:: The task ::
Exactly as written, retype the listing below, omitting the pictures.
┄┄┄┄┄┄┄┄┄┄
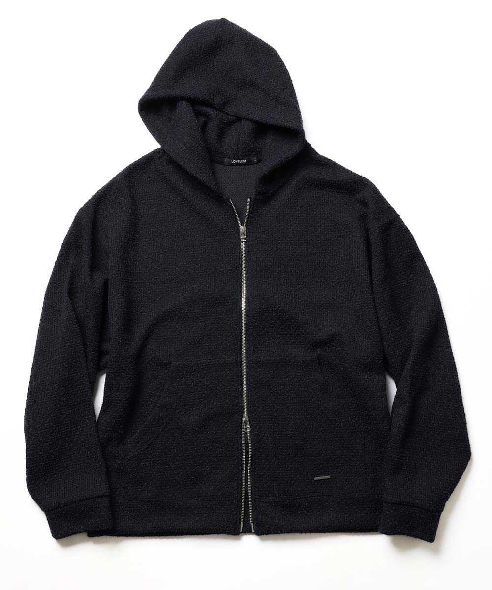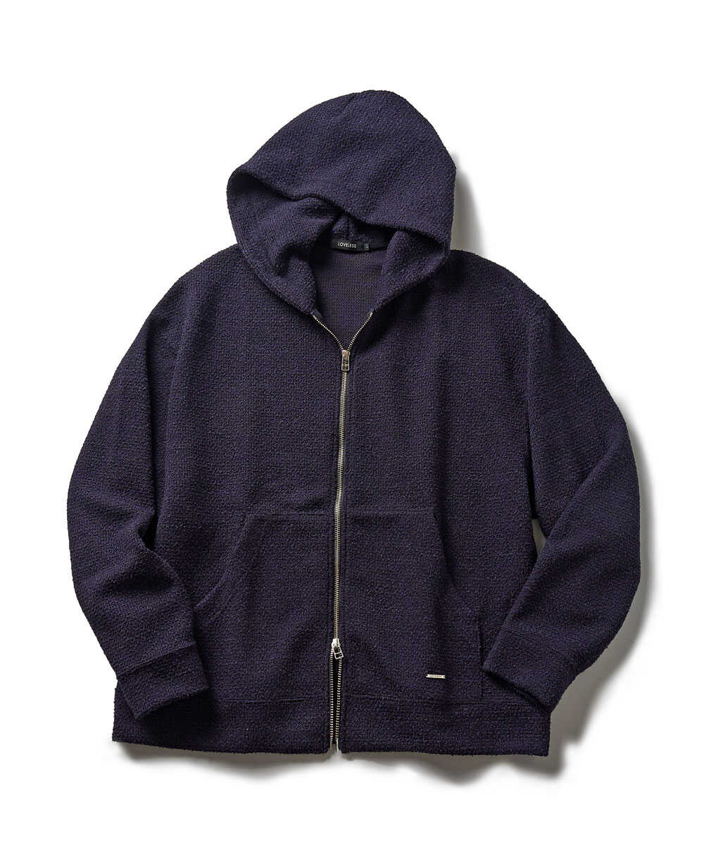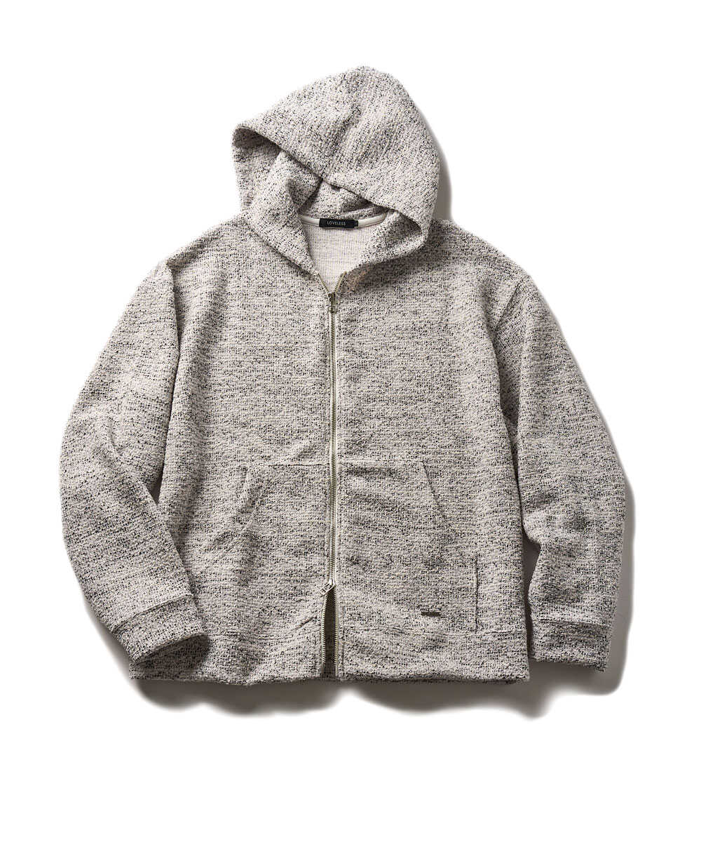 スウェットパーカ特有のカジュアル感を抑え、より大人らしい上品さを狙うなら〈ラブレス〉の別注ジップアップパーカが適任。美しい立体感とリッチな表情が魅力のデザインで、リラクシーでありながらも都会的なエレガンスを放つ1着だ。特筆すべきは、3種類の繊維をブレンドしてツイード調に編み上げたというこだわりの素材使い。この独特のふっくらとした風合いが、お洒落のギアを一段引き上げてくれる。
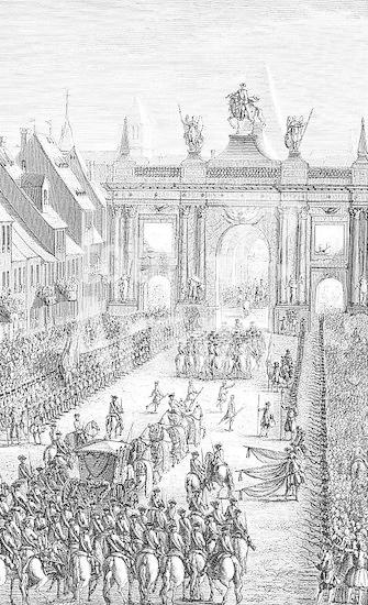 00636051 Louis XV, 15.2.1710 - 10.5.1774, King of France 1.9.1715 - 10.5.1774, entry to Strassbourg, 9.10.1744, copper engraving, 18th century,
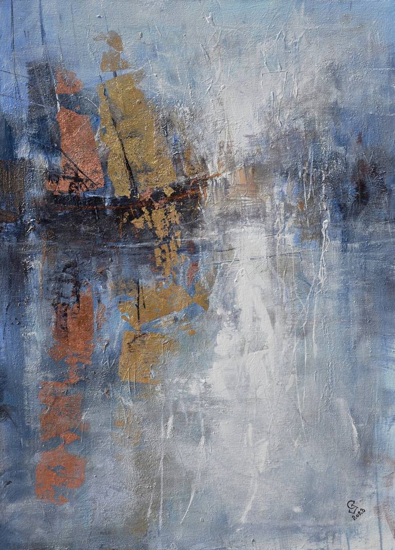 " Harbor of destroyed dreams - Blue Dawn ".....Painted with expressive moves.......with pallet knife and with a brush.....W 50 x H 70 cm I'm giving all best ,to be represent the true colors of the paintings in the photos, but sometimes you can see a little difference in tone.. I take good care packi...
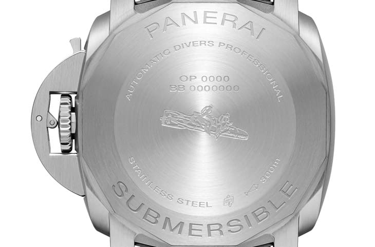 ▲表背同样是刻有慢速鱼雷图案的实底盖,此处也一併刻上手表的材质、防水性能以及系列名称等资讯。
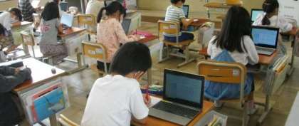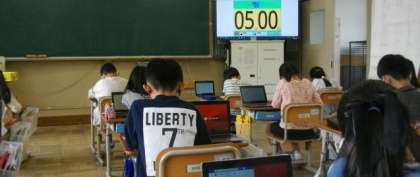 3年生は,5時間目が始まる前に,かけ算の復習をしています。
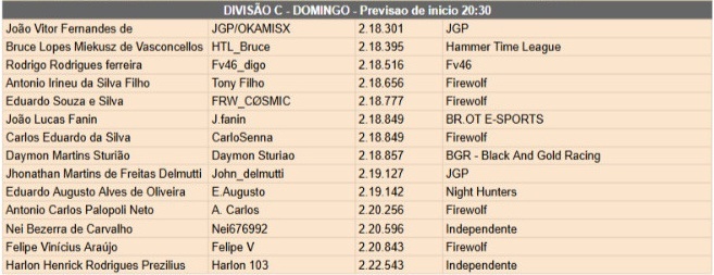 A Divisão C entra em cena no domingo e mantém a filosofia de separação por desempenho, garantindo brigas justas em todos os níveis de habilidade. João Vitor Fernandes (JGP/OKAMIX) representa a JGP e chega com preparação cuidadosa de stint, mirando topo do grid em ritmo de prova. A família Hammer Time League aparece com Bruce Lopes Miekusz de Vasconcellos (HTL_Bruc), conhecido pela evolução em corrida e leitura de tráfego. A Firewolf surge com dupla forte: Antonio Iure da Silva Filho (Tony_Filho) e Eduardo Souza e Silva (FRW_COSMIC), pilotos de toque limpo e constância que crescem volta a volta. Nomes como Rodrigo Rodrigues Ferreira (FV46_digo) e Carlos Eduardo da Silva (CarloSenna) completam um cenário promissor, mostrando que a etapa tem profundidade competitiva em toda a pirâmide.
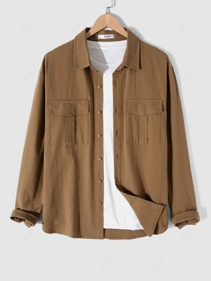Zaful Shirts Type: Casual Shirts Style: Casual Occasions: Daily Fit Type: Loose Shirt Length: Regular Sleeves Length: Full Collar: Shirt Collar Material: Cotton Material Stretch: No Stretch Pattern: Solid Color Decoration: Front Pocket Season: Fall, Spring Weight: 0.3050kg Package: 1 x Shirt
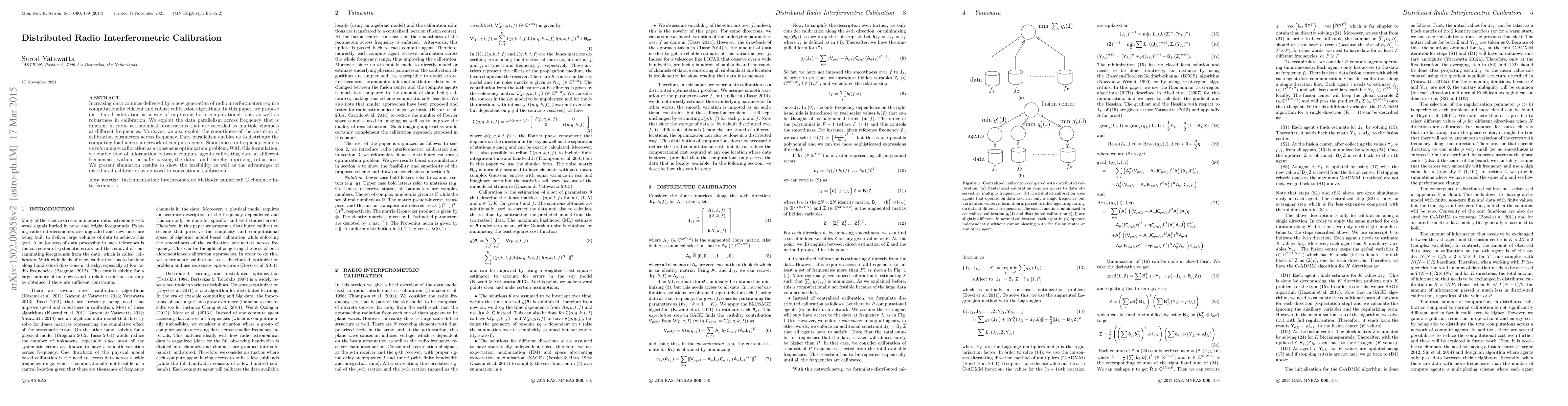 This paper proposes distributed calibration to enhance computational efficiency and robustness for radio interferometric data. It leverages data parallelism across frequency channels and the smoothness of calibration parameters to reformulate calibration as a consensus optimization problem, enabling information flow between compute agents without data transfer. Simulation results demonstrate the benefits of this approach over conventional calibration methods.
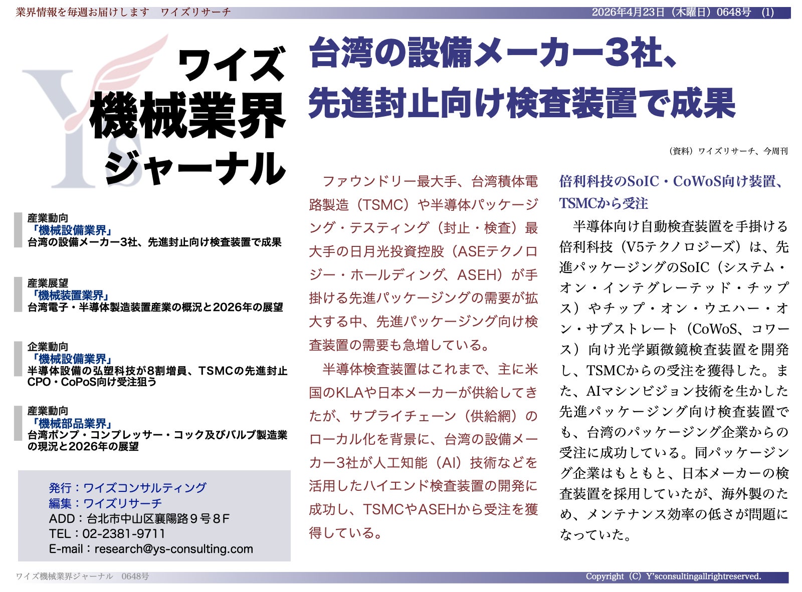 ワイズコンサルティング グループ(本社:中華民国台北市、代表取締役:吉本康志)は台湾機械業界専門誌「ワイズ機械業界ジャーナル」の2026年4月第4週号を発行しました。
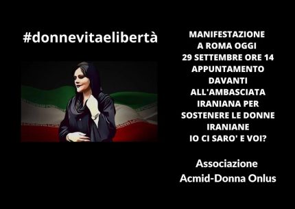 Dopo le recenti uccisioni ai danni delle donne in Iran per un velo portato male o per una protesta in più, oggi 29 settembre 2022, alle ore 14:00, si svolgerà una manifestazione proprio davanti all’Ambasciata dell’Iran a Roma, organizzata dalla resistenza delle donne iraniane insieme all’Associazione delle comunità delle donne marocchine in Italia (Acmid – Donna Onlus).
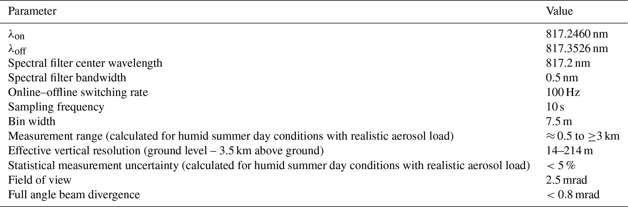 Here, Son/off represents the measured signals from the absorbed “online” wavelength λon and the unabsorbed “offline” wavelength λoff. Δσ↑ and Δσ↓ are the effective absorption cross sections of water vapor for the upward path of the narrowband laser light and the downward path, respectively, of the spectrally Doppler-broadened, backscattered light from air molecules. r is the vertical distance from the lidar and G refers to a correction term needed in order to account for the spectral variation of the backscattered light which is molecularly Doppler-broadened (see Bösenberg, 1998). Therefore, this term is dependent on the water vapor distribution itself as well as the ratio between molecular and particle backscatter. As can be seen in Bösenberg (1998), this term can become relevant in two cases. The first case would be that the molecular backscatter coefficients βM are much higher than the backscatter coefficients βP from aerosols () – which is usually not the case for observations within the PBL. The second case in which this term can become relevant is for atmospheric conditions in which there are strong gradients of – which is indeed the case within the PBL. This effect could principally be reinforced by the occurrence of fluorescing aerosol, caused by the emission of the 355 nm channel, which might act as a masked form of aerosol backscatter coefficients. In the current configuration of very small energies in the 355 nm channel (≈ 1 W), this effect is most probably negligible. Nevertheless, this effect has to be kept in mind in the case of substantially increasing pump lasers. However, after testing the effects of the correction term G, we found that for most heights of the PBL, the error is not dominant as it stays below values of ≈ 2 %. At those altitudes, however, where there are strong gradients of , the calculation of those is far from being trivial as the calculation of the gradient is very noisy if it is calculated from bin to bin. On the other hand, if the gradient is calculated over multiple bins, the locally very sharp aerosol gradients are artificially broadened and therefore inflict the corrections over a large range of altitudes. This bears the risk of applying a wrong correction at altitudes where G should not play a role. For those reasons, the humidity calculations presented herein omit the correction term G, following the reasoning that an overall small error is preferential over the introduction of artificial errors due to the implementation of a problematic correction term. Recent instrument developments show a method which could potentially circumvent this problem by adding a high-spectral-resolution lidar (HSRL) channel to DIAL systems, providing reliable information on molecular and particle backscatter properties without any dependence on a proper Klett inversion algorithm (Klett, 1985; Stillwell et al., 2020; Spuler et al., 2021; Hayman et al., 2024). Despite the fact that the ATMONSYS has been designed without an additional HSRL channel, following the thoughts of Späth et al. (2020), effects of the Rayleigh–Doppler-broadened signal are minimized if the online frequency is chosen to be near the inflection point of the absorption line as done for this measurement set, taken on a humid summer day. In order to rule out the possibility that Rayleigh–Doppler broadening crosses the absorption line peak, we choose an absorption line under the premise of ensuring a suitable optical depth, resulting in a related wavelength λon in a position further out than the actual inflection point of this absorption line. This, however, comes with the downside of not fully guaranteed minimization of a potential Rayleigh–Doppler error. The online frequency has been chosen to be λon,vac=817.2460 nm, which is in the flank of an absorption line centered at (Ponsardin and Browell, 1997). The offline frequency has been set to λoff,vac=817.3526 nm. Further details on the DIAL specifications can also be read in Table 2. Beyond that, Vogelmann et al. (2022) provide a detailed description regarding resonator stabilization, seeding, and spectral characteristics of the laser beams. The calculation of the effective σon/off in both the upward and downward direction is a crucial point within the DIAL equation. In order to account for the Lorentz pressure broadening and the Rayleigh–Doppler broadening, a convolution of those two effects has to be calculated which is described by a Voigt function. This function is dependent on both pressure and temperature over height. Therefore, in order to calculate precise absorption coefficients, additional information on the atmospheric state is needed. More details on both the calculation of the σ profiles and the spectroscopic line characteristics can be found in Ponsardin and Browell (1997), Bösenberg (1998) or Vogelmann and Trickl (2008). For all data presented in this paper, the prevailing atmospheric pressure and temperature conditions were taken from radiosonde ascents that are operationally performed by the DWD nearby (Sect. 3).
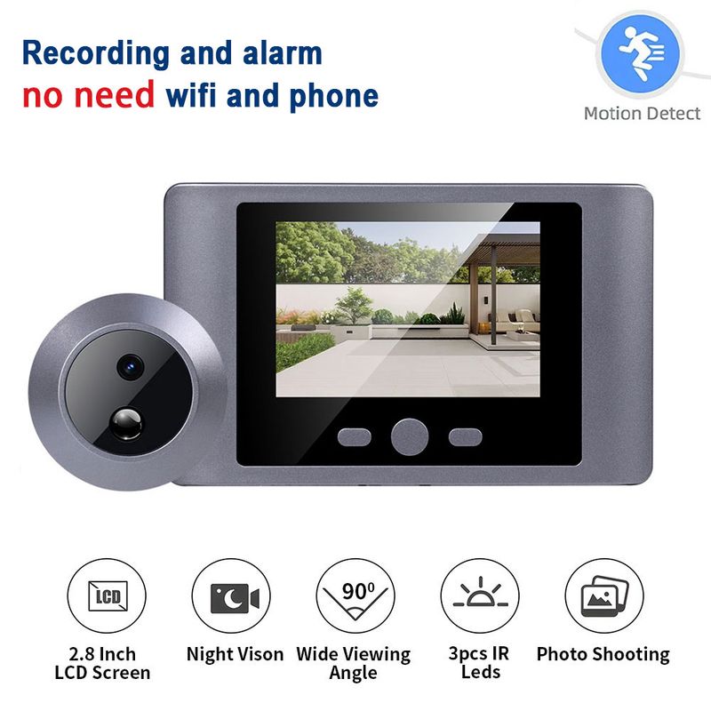 Mini Peephole Camera Door PIR Motion Detection Light Screen Door Viewer Camera Smart Home 2.8 inch Eye 2000mAh Quiet
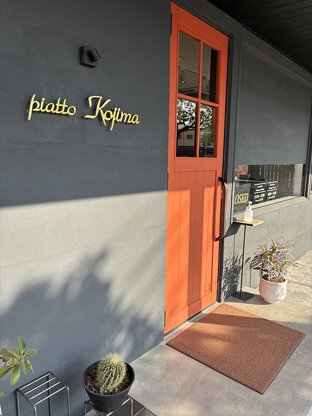 八代市の市街地南西部に位置し、商業施設や生活施設が点在している八代市横手新町。その町内を南北に走る県道42号(八代鏡線)沿いに、シックなブラックの外観と鮮やかなオレンジ色のドアが目を引く一軒のレストランがピアットコジマです。
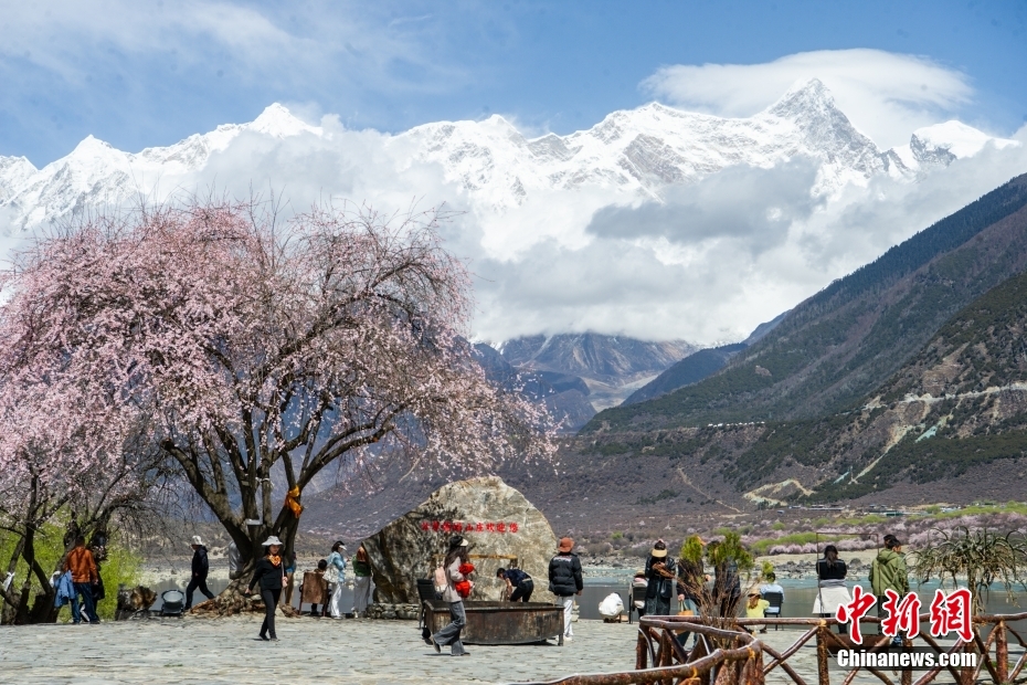 圖為游客在桃花樹(shù)下觀賞南迦巴瓦峰美景。中新社記者 貢嘎來(lái)松 攝
┄┄┄┄┄┄┄┄┄┄
:: Answer to this problem ::
 スウェットパーカ特有のカジュアル感を抑え、より大人らしい上品さを狙うなら〈ラブレス〉の別注ジップアップパーカが適任。美しい立体感とリッチな表情が魅力のデザインで、リラクシーでありながらも都会的なエレガンスを放つ1着だ。特筆すべきは、3種類の繊維をブレンドしてツイード調に編み上げたというこだわりの素材使い。この独特のふっくらとした風合いが、お洒落のギアを一段引き上げてくれる。
 00636051 Louis XV, 15.2.1710 - 10.5.1774, King of France 1.9.1715 - 10.5.1774, entry to Strassbourg, 9.10.1744, copper engraving, 18th century,
 " Harbor of destroyed dreams - Blue Dawn ".....Painted with expressive moves.......with pallet knife and with a brush.....W 50 x H 70 cm I'm giving all best ,to be represent the true colors of the paintings in the photos, but sometimes you can see a little difference in tone.. I take good care packi...
 ▲表背同样是刻有慢速鱼雷图案的实底盖,此处也一併刻上手表的材质、防水性能以及系列名称等资讯。
 3年生は,5時間目が始まる前に,かけ算の復習をしています。
 A Divisão C entra em cena no domingo e mantém a filosofia de separação por desempenho, garantindo brigas justas em todos os níveis de habilidade. João Vitor Fernandes (JGP/OKAMIX) representa a JGP e chega com preparação cuidadosa de stint, mirando topo do grid em ritmo de prova. A família Hammer Time League aparece com Bruce Lopes Miekusz de Vasconcellos (HTL_Bruc), conhecido pela evolução em corrida e leitura de tráfego. A Firewolf surge com dupla forte: Antonio Iure da Silva Filho (Tony_Filho) e Eduardo Souza e Silva (FRW_COSMIC), pilotos de toque limpo e constância que crescem volta a volta. Nomes como Rodrigo Rodrigues Ferreira (FV46_digo) e Carlos Eduardo da Silva (CarloSenna) completam um cenário promissor, mostrando que a etapa tem profundidade competitiva em toda a pirâmide.
Zaful Shirts Type: Casual Shirts Style: Casual Occasions: Daily Fit Type: Loose Shirt Length: Regular Sleeves Length: Full Collar: Shirt Collar Material: Cotton Material Stretch: No Stretch Pattern: Solid Color Decoration: Front Pocket Season: Fall, Spring Weight: 0.3050kg Package: 1 x Shirt
 This paper proposes distributed calibration to enhance computational efficiency and robustness for radio interferometric data. It leverages data parallelism across frequency channels and the smoothness of calibration parameters to reformulate calibration as a consensus optimization problem, enabling information flow between compute agents without data transfer. Simulation results demonstrate the benefits of this approach over conventional calibration methods.
 ワイズコンサルティング グループ(本社:中華民国台北市、代表取締役:吉本康志)は台湾機械業界専門誌「ワイズ機械業界ジャーナル」の2026年4月第4週号を発行しました。
 Dopo le recenti uccisioni ai danni delle donne in Iran per un velo portato male o per una protesta in più, oggi 29 settembre 2022, alle ore 14:00, si svolgerà una manifestazione proprio davanti all’Ambasciata dell’Iran a Roma, organizzata dalla resistenza delle donne iraniane insieme all’Associazione delle comunità delle donne marocchine in Italia (Acmid – Donna Onlus).
 Here, Son/off represents the measured signals from the absorbed “online” wavelength λon and the unabsorbed “offline” wavelength λoff. Δσ↑ and Δσ↓ are the effective absorption cross sections of water vapor for the upward path of the narrowband laser light and the downward path, respectively, of the spectrally Doppler-broadened, backscattered light from air molecules. r is the vertical distance from the lidar and G refers to a correction term needed in order to account for the spectral variation of the backscattered light which is molecularly Doppler-broadened (see Bösenberg, 1998). Therefore, this term is dependent on the water vapor distribution itself as well as the ratio between molecular and particle backscatter. As can be seen in Bösenberg (1998), this term can become relevant in two cases. The first case would be that the molecular backscatter coefficients βM are much higher than the backscatter coefficients βP from aerosols () – which is usually not the case for observations within the PBL. The second case in which this term can become relevant is for atmospheric conditions in which there are strong gradients of – which is indeed the case within the PBL. This effect could principally be reinforced by the occurrence of fluorescing aerosol, caused by the emission of the 355 nm channel, which might act as a masked form of aerosol backscatter coefficients. In the current configuration of very small energies in the 355 nm channel (≈ 1 W), this effect is most probably negligible. Nevertheless, this effect has to be kept in mind in the case of substantially increasing pump lasers. However, after testing the effects of the correction term G, we found that for most heights of the PBL, the error is not dominant as it stays below values of ≈ 2 %. At those altitudes, however, where there are strong gradients of , the calculation of those is far from being trivial as the calculation of the gradient is very noisy if it is calculated from bin to bin. On the other hand, if the gradient is calculated over multiple bins, the locally very sharp aerosol gradients are artificially broadened and therefore inflict the corrections over a large range of altitudes. This bears the risk of applying a wrong correction at altitudes where G should not play a role. For those reasons, the humidity calculations presented herein omit the correction term G, following the reasoning that an overall small error is preferential over the introduction of artificial errors due to the implementation of a problematic correction term. Recent instrument developments show a method which could potentially circumvent this problem by adding a high-spectral-resolution lidar (HSRL) channel to DIAL systems, providing reliable information on molecular and particle backscatter properties without any dependence on a proper Klett inversion algorithm (Klett, 1985; Stillwell et al., 2020; Spuler et al., 2021; Hayman et al., 2024). Despite the fact that the ATMONSYS has been designed without an additional HSRL channel, following the thoughts of Späth et al. (2020), effects of the Rayleigh–Doppler-broadened signal are minimized if the online frequency is chosen to be near the inflection point of the absorption line as done for this measurement set, taken on a humid summer day. In order to rule out the possibility that Rayleigh–Doppler broadening crosses the absorption line peak, we choose an absorption line under the premise of ensuring a suitable optical depth, resulting in a related wavelength λon in a position further out than the actual inflection point of this absorption line. This, however, comes with the downside of not fully guaranteed minimization of a potential Rayleigh–Doppler error. The online frequency has been chosen to be λon,vac=817.2460 nm, which is in the flank of an absorption line centered at (Ponsardin and Browell, 1997). The offline frequency has been set to λoff,vac=817.3526 nm. Further details on the DIAL specifications can also be read in Table 2. Beyond that, Vogelmann et al. (2022) provide a detailed description regarding resonator stabilization, seeding, and spectral characteristics of the laser beams. The calculation of the effective σon/off in both the upward and downward direction is a crucial point within the DIAL equation. In order to account for the Lorentz pressure broadening and the Rayleigh–Doppler broadening, a convolution of those two effects has to be calculated which is described by a Voigt function. This function is dependent on both pressure and temperature over height. Therefore, in order to calculate precise absorption coefficients, additional information on the atmospheric state is needed. More details on both the calculation of the σ profiles and the spectroscopic line characteristics can be found in Ponsardin and Browell (1997), Bösenberg (1998) or Vogelmann and Trickl (2008). For all data presented in this paper, the prevailing atmospheric pressure and temperature conditions were taken from radiosonde ascents that are operationally performed by the DWD nearby (Sect. 3).
 Mini Peephole Camera Door PIR Motion Detection Light Screen Door Viewer Camera Smart Home 2.8 inch Eye 2000mAh Quiet
 八代市の市街地南西部に位置し、商業施設や生活施設が点在している八代市横手新町。その町内を南北に走る県道42号(八代鏡線)沿いに、シックなブラックの外観と鮮やかなオレンジ色のドアが目を引く一軒のレストランがピアットコジマです。
 圖為游客在桃花樹(shù)下觀賞南迦巴瓦峰美景。中新社記者 貢嘎來(lái)松 攝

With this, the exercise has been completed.